Provided information:

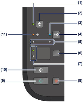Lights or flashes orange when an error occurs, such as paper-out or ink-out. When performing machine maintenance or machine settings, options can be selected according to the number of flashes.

---

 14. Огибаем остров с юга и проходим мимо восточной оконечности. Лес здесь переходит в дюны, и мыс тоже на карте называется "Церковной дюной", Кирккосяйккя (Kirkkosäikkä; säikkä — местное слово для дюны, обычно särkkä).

* * *

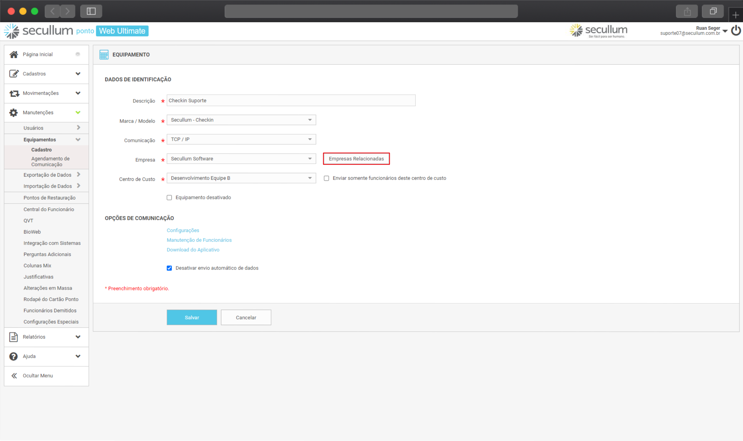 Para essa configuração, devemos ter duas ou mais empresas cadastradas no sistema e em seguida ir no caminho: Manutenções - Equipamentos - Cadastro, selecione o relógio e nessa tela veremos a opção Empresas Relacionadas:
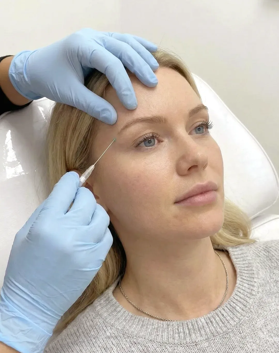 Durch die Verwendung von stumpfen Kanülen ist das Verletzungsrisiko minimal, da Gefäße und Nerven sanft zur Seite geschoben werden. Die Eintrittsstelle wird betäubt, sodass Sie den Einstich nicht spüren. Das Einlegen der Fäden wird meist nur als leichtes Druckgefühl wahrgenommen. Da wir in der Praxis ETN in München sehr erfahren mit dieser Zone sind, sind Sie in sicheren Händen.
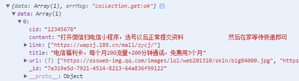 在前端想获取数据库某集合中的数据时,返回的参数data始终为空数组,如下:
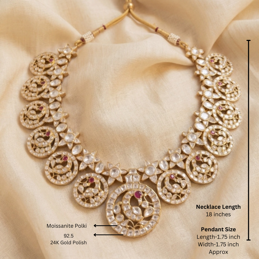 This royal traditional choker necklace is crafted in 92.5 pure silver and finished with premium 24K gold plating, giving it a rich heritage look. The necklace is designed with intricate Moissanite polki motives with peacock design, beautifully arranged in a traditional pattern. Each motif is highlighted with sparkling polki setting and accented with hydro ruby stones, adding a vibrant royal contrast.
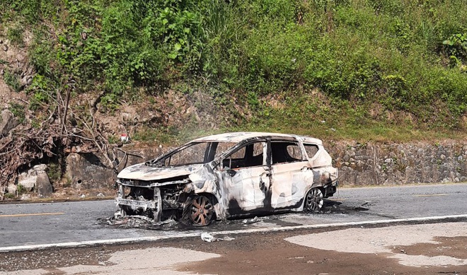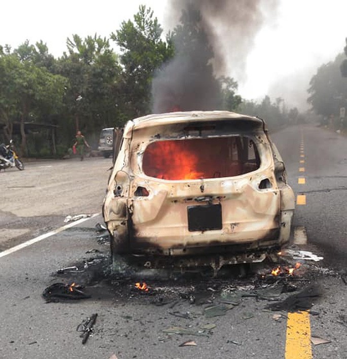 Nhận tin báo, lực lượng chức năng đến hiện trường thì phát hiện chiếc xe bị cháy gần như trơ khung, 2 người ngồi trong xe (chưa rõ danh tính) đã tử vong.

Directions for this task: Within the listing above, the lines starting at the one containing "This royal traditional" and ending at the one containing "Nhận tin báo, lực" are to be returned exactly. Omit the pictures.

Answer to this problem:
 This royal traditional choker necklace is crafted in 92.5 pure silver and finished with premium 24K gold plating, giving it a rich heritage look. The necklace is designed with intricate Moissanite polki motives with peacock design, beautifully arranged in a traditional pattern. Each motif is highlighted with sparkling polki setting and accented with hydro ruby stones, adding a vibrant royal contrast.
 Nhận tin báo, lực lượng chức năng đến hiện trường thì phát hiện chiếc xe bị cháy gần như trơ khung, 2 người ngồi trong xe (chưa rõ danh tính) đã tử vong.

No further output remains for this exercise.